To study the virology and pathogenesis of HBV infection, several animal models have been established to mimic hepatic HBV infection and the immune response against HBV (5-7). However, because HBV infection shows strict host specificity there are still significant limitations, due to the lack of immunocompetent animal models (8, 9). As a result, HBV-related research has been greatly hampered.

Several physical methods were developed for gene delivery in vivo, among which hydrodynamic injection (HI), which represents a rapid injection of a large volume of DNA through the tail vein, was the simplest and highly effective method (10, 11). The HI was used widely in multiple researches, such as gene therapy studies, gene function analyses, and establishment of animal models (12-14).

It was reported that a single injection of naked plasmid DNA could transfect approximately 40% of mice hepatocytes and the related protein could be expressed for up to 9 months (15, 16). Nowadays, mice transfected by HI are useful tools for studying the host immune response, the pathophysiology of HBV-related disease and several antiviral drugs, as well (17-19). Although the HBV HI mouse models of HBV genotype A and B were already established (20, 21), HBV genotype C, which is dominant in Asia, especially in China, was not.

2. Objectives

The present study aimed to establish a HBV genotype C HI mouse model with sustained HBV viremia and to demonstrate whether this mouse model could be used as a useful tool for the study of HBV infection and evaluation of antiviral medications.

3. Materials and Methods

3.1. Study Animals

Six to eight weeks old C57BL/6 male mice (from the breeding colonies of the experimental animal center, Guangdong province, China) were kept under specific-pathogen-free (SPF) conditions, in the clean rooms, at the animal center for medical experiment, liver disease key lab, 458 hospital of PLA, Guangzhou, China. These experiments were approved by the ethics review committee for animal experimentation of 458 hospital of PLA, Guangzhou, China, and were conducted according to the NIH guide for the care and use of laboratory animals (22).

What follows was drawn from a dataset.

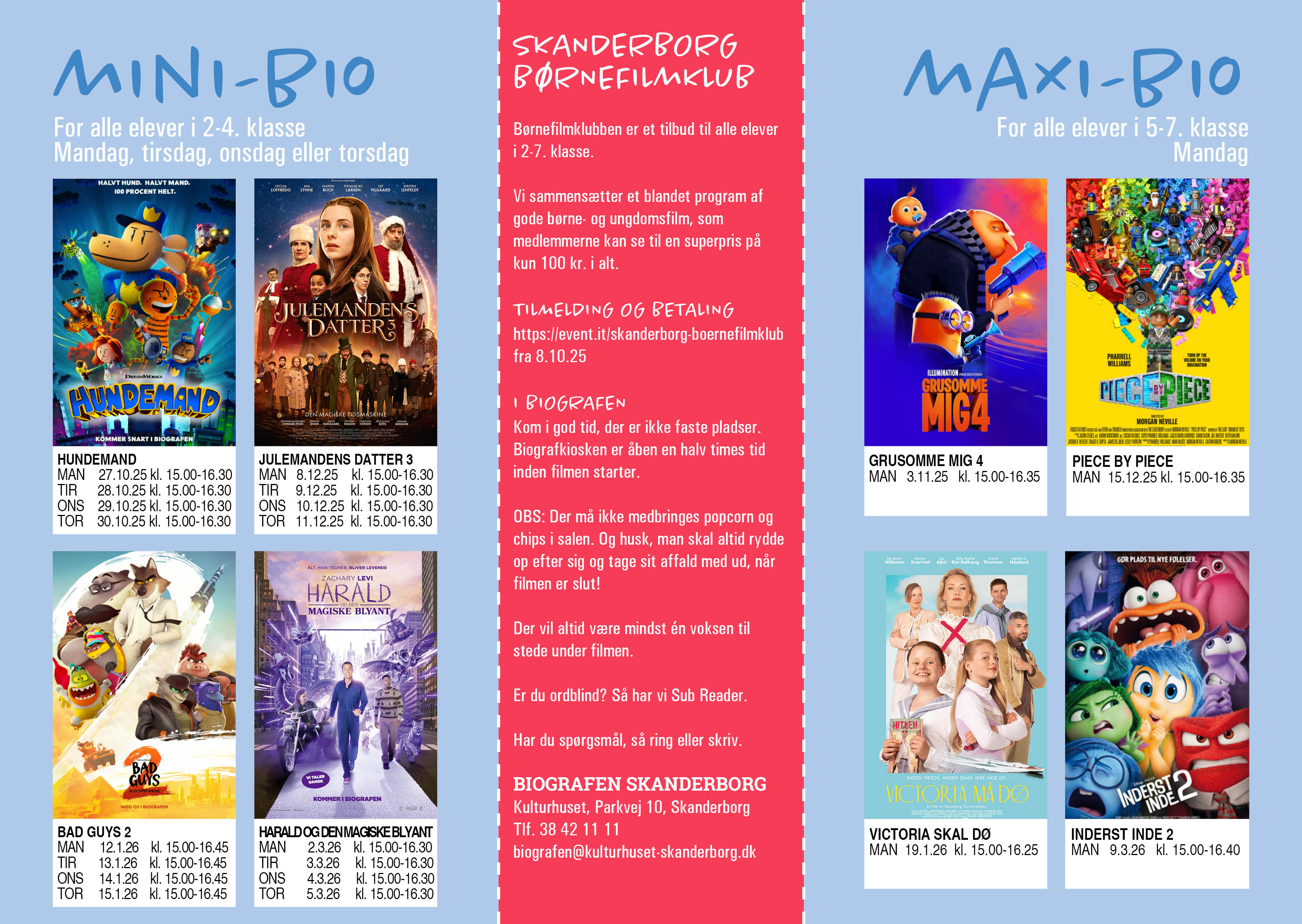 Biografens to børnefilmklubber er et tilbud til alle elever i 2-7. klasse.

3.2. Construction of Replication Competent HBV Genotype C Clones

The plasmid pAAV-HBV1.2A, which contains a 1.2 fold over-length HBV genotype A genome (nt 1400-3182-1987), was offered by Professor Huang etal. (20) (graduate institute of clinical medicine, college of medicine, national Taiwan university, Taipei, Taiwan). The plasmid pcDNA3.1 (+)-HBV1.3C, containing a 1.3 fold genotype C HBV genome (nt 1387-3215-2598, GenBank: EU560440.1) was provided by ProfessorXu (institute of infectious diseases and liver failure research center, 302 hospital of PLA, Beijing, China). Then, we cloned the 1.3 fold genotype C HBV genome into the vector pAAV-mCMV-IRES-ZsGreen (Biowit technologies, Shenzhen, China) and designated the resulting plasmid as pAAV-HBV1.3C.

3.3. Hydrodynamic Injection Experiments

Six to eight weeks old C57BL/6 male mice were subjected to HI, with pcDNA3.1 (+)-HBV1.3C, pAAV-HBV1.3C or pAAV-HBV1.2A, with 13 mice per group. The HI was carried out as described previously (21). Briefly, 15 μg of different HBV plasmid DNA was injected into the tail veins of mice, in a volume of saline, which was equivalent to 8% of the mouse body weight. The total volume was delivered within 5 - 8 seconds. The control mice received only saline.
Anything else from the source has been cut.